[Given material]

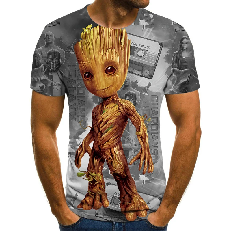 Футболка мужская с рисунком Грут забава, модная уличная одежда в стиле Харадзюку, Повседневная мультяшный аниме в стиле хип-хоп, лето 2021
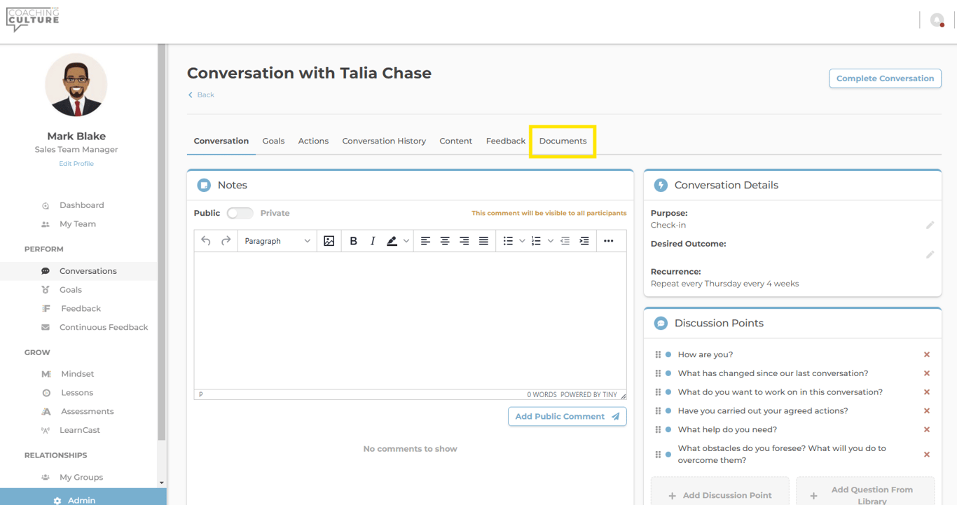 - Whilst in a conversation, simply select the 'documents' tab as shown below
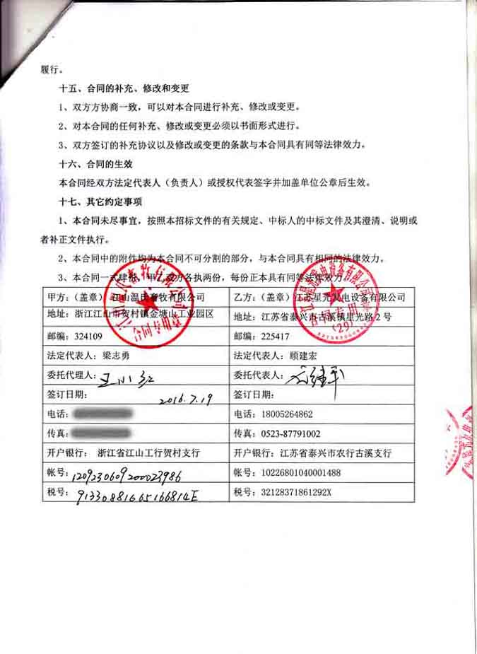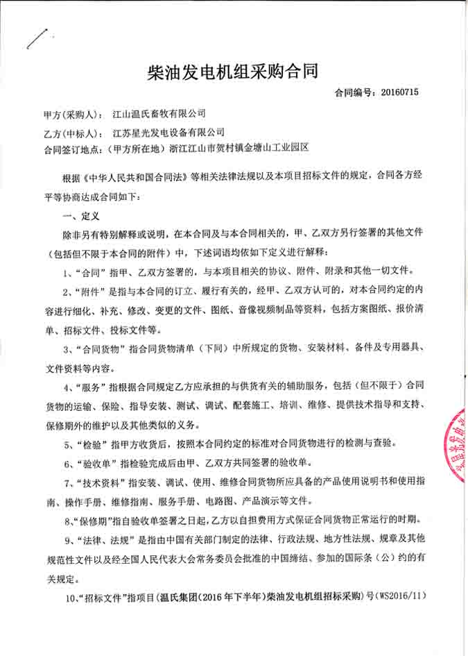 江蘇星光動(dòng)力集團(tuán) >> 新聞動(dòng)態(tài) >> 江山溫氏畜牧有限公司160KW康明斯發(fā)電機(jī)組采購合同

[/Given material]

**Your assignment:**
Restate the whole of the material word for word without the pictures.

**Task solution:**
 Футболка мужская с рисунком Грут забава, модная уличная одежда в стиле Харадзюку, Повседневная мультяшный аниме в стиле хип-хоп, лето 2021
 - Whilst in a conversation, simply select the 'documents' tab as shown below
 江蘇星光動(dòng)力集團(tuán) >> 新聞動(dòng)態(tài) >> 江山溫氏畜牧有限公司160KW康明斯發(fā)電機(jī)組采購合同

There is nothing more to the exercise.